Sunday 26 February 2012

Improving the Rig

I've spent quite a lot of the time this term fixing problems and improving aspects of the rig.

The first glitch I went to fix was a problem with the right jowl. When the control for this was moved upwards for a snarl it would cause the whole joint to flip 90 degrees for some reason. The flipping problem was only apparent on the right hand side although the deformation on both jowls wasn't quite right; they would become slightly flat when the head was tilted upwards.

Here's a video of the problem:


The flipping problem was caused by the right jowl joint having a strange default rotation value of 180, 180, 180. This made it look complete normal while it was in fact flipped (I have no idea how that happened or how I missed it). This strange rotation cause the aim constraint to flip over when the joint hit a certain angle.

The way I fixed it was that I changed the values back to 0, 0, 0 and then made them controlled through IK handles instead of aim constraints. This fixed both the flipping problem and the slightly off deformation when the head was angled.
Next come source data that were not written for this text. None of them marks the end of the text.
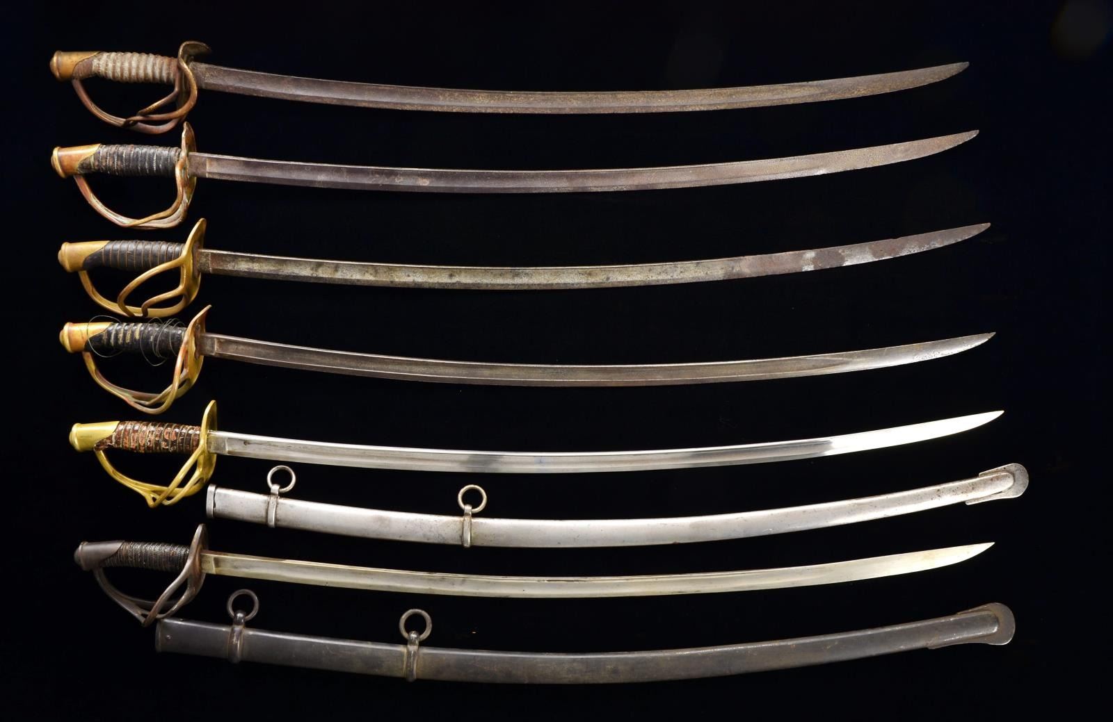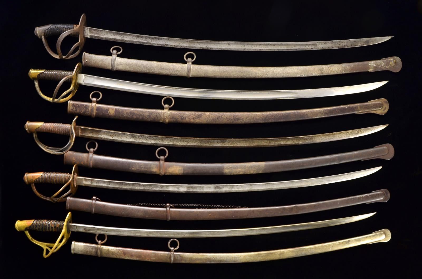 1) Ames 1847 dated Model 1840 w/ scabbard. 2) Sheble & Fisher marked 1840 cavalry saber w/ scabbard. 3) Import Model 1840 cavalry saber w/ scabbard. 4) New Jersey marked Ames Model 1860 cavalry saber w/ scabbard. 5) Roby Model 1860 cavalry saber dated 1864 w/ scabbard. 6) 1865 Dated Ames Model 1860 cavalry saber w/ scabbard. 7) Unmarked import 1840 cavalry saber, heavily pitted scabbard. 8) 1861 Dated Ames cavalry saber, no scabbard. 9) Unmarked 1860 cavalry saber, no scabbard. 10) Unmarked 1860 cavalry saber, heavily pitted, no scabbard. 11) Unmarked 1860 cavalry saber, no scabbard. CONDITION: overall fair to good, about half have complete grips, iron patina and pitting. (02-14233/JS). $1,800-2,700.
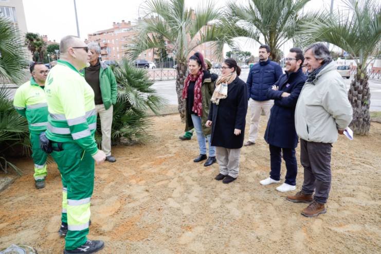 El contrato, que busca generar oportunidades de empleo para personas con diversidad funcional, tendrá una duración de dos años e incluye un técnico, dos técnicos auxiliares y cuatro auxiliares a los que se sumará uno más en las épocas de verano. Para responder a las necesidades del personal, contarán a tiempo parcial con el apoyo de un psicólogo y un trabajador social. La Alcaldesa Noelia Posse, acompañada del Concejal de Mejora y Mantenimiento de los Espacios Públicos, David Muñoz, la Concejala de Empleo y Nuevas Tecnologías, Rebeca Prieto, y la Portavoz de Podemos, Mónica Monterreal, han visitado hoy una de las zonas en las que están ya actuando.
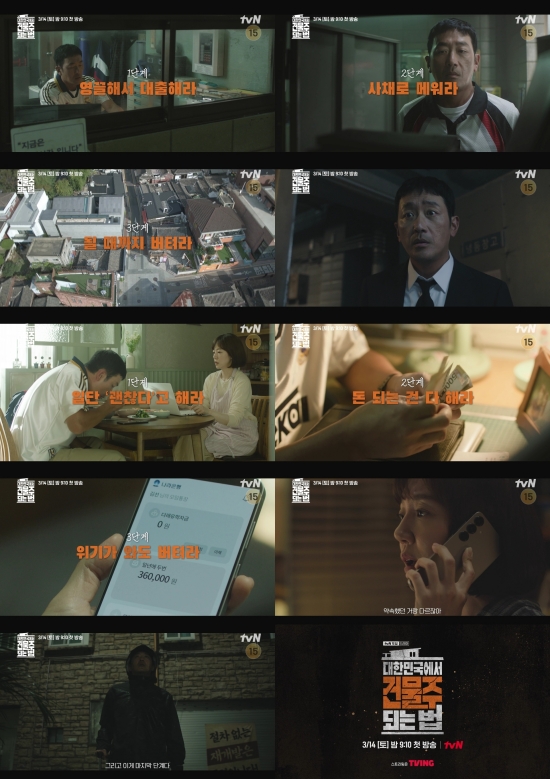 건물주이자 가장 하정우의 사투가 펼쳐질 tvN 새 토일드라마 ‘대한민국에서 건물주 되는 법’은 3월 14일 토요일 오후 9시 10분 첫 방송된다.

Here's how the improvement looks:


The next thing I did was improve the IK controls in the legs. Previously the leg was positioned using a controller around the foot and then the wrist rotation was controlled separately with an FK control. This setup was quite unintuitive as I found out while animating the walk and run cycles last semester: I had to position the foot and then separately adjust the wrist/ankle angle which then caused the foot to change height and position on the floor and then required a readjustment of the IK control to correct the position.

Here's a demonstration:


Ideally I wanted both IK control and rotational control of the feet in a single control so I could position the foot and have it pivot around the base when I added rotation. The way I got this to work was I added another IK handle to the joint nearest the floor (the equivalent of the ball of the foot on a human) and made it sticky. I then grouped this new IK handle with the original one at the heel/wrist and made the group a child of the control curve.

Here's the result:


This control setup is much more preferable to the previous one.

The next problem was to do with scaling the rig. There were some glitches left behind from last semester to do with scaling in relation to the muscles. I thought I had dealt with this by connecting the 'tiger scale' attribute into the 'user scale' of the muscles but this appears only to influence the size of the NURBS objects which make up the muscles and not their weighted influence on the mesh.

The result of this is pretty weird...


This was a fairly simple fix but it took a bit of searching to find the right attribute to connect to. Here's the scaling working properly:


After that I noticed that the deformation around the shoulder and scapular areas was really quite off. Here's what I mean:


This was a case of editing the weights in these areas (NOT fun).

After a lot of tedious work I ended up with some much better deformation and some easier-to-select Pole Vector curves:


I might see if I can make the deformation even better but so far I'm fairly happy with the way it's working.

That's all for now. More updates soon.